View attachment 14043


Now you will see how the exit flap is mounted, simply remove it and you will have this

View attachment 14044


View attachment 14045


Reattach the exit chute taking care to align everything correctly, there should be no lip anywhere in the exit chute.

View attachment 14046


All you then need to do is work back through reassembling the grinder and you are nearly ready for single dosing.

I have also removed the annoying magnetic switch/tv aerial at the back but will show what I did later in the head, but now I must get some sleep.

Overall first impressions are that this is a superbly put together grinder and grind consistency is very good.


----------



## DoubleShot (Apr 23, 2014)

Excellent guide that I'm sure will be very helpful to at least two new e92 owners.

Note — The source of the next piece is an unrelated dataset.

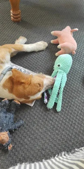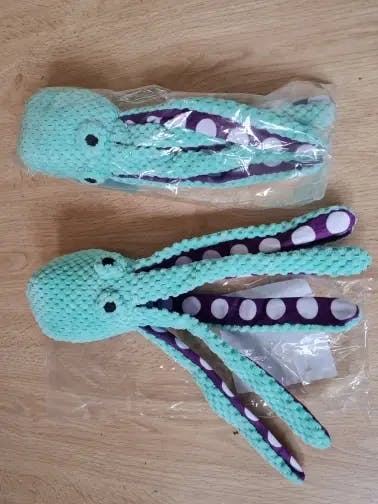 - Sons Estimulantes: Possui um apito (squeaker) embutido na cabeça que soa ao ser mordido, além de papel sonoro crocante (crinkle paper) dentro de cada um dos 8 tentáculos. Cada movimento gera um barulho diferente que enlouquece os cães de alegria.

From your early experience, what other grinders (whether conical or flat) would you put this on par with for grind quality/consistency?

Thanks.


----------



## coffeechap (Apr 5, 2012)

It really is too early for my thoughts on grind quality and consistency, but what I will say is that unlike many other conics that I have attempted to single dose, the grind quality of the e92 does not seem to deteriorate at all, which is very fine praise indeed for a big conic


----------



## Thecatlinux (Mar 10, 2014)

What does the retention look like ?


----------



## coffeechap (Apr 5, 2012)

Thecatlinux said:


> What does the retention look like ?


it looks like this

View attachment 14053


----------



## coffeechap (Apr 5, 2012)

but seriously,once the lens hood gets here, this will be near zero retention


----------



## Thecatlinux (Mar 10, 2014)

Will it be in its modded state for the forum day , when like you said you will be putting it beside the e10


----------



## Thecatlinux (Mar 10, 2014)

coffeechap said:


> it looks like this
> 
> View attachment 14053


 what's that about 15grams?


----------



## coffeechap (Apr 5, 2012)

Thecatlinux said:


> Will it be in its modded state for the forum day , when like you said you will be putting it beside the e10


perhaps, but I may change it back as we will be running with full hoppers


----------



## coffeechap (Apr 5, 2012)

Thecatlinux said:


> what's that about 15grams?


seriously?


----------



## coffeechap (Apr 5, 2012)

I put 18 grams in and got 16 grams out without the lens hood, which is he key missing component


----------



## Thecatlinux (Mar 10, 2014)

coffeechap said:


> seriously?


i didn't think it was that much







but I knew if I picked a ridiculous weight I wouldn't have to wait to long for your response LOL:exit:


----------



## DoubleShot (Apr 23, 2014)

Was just about to post I'd be surprised if that was any more than 2g.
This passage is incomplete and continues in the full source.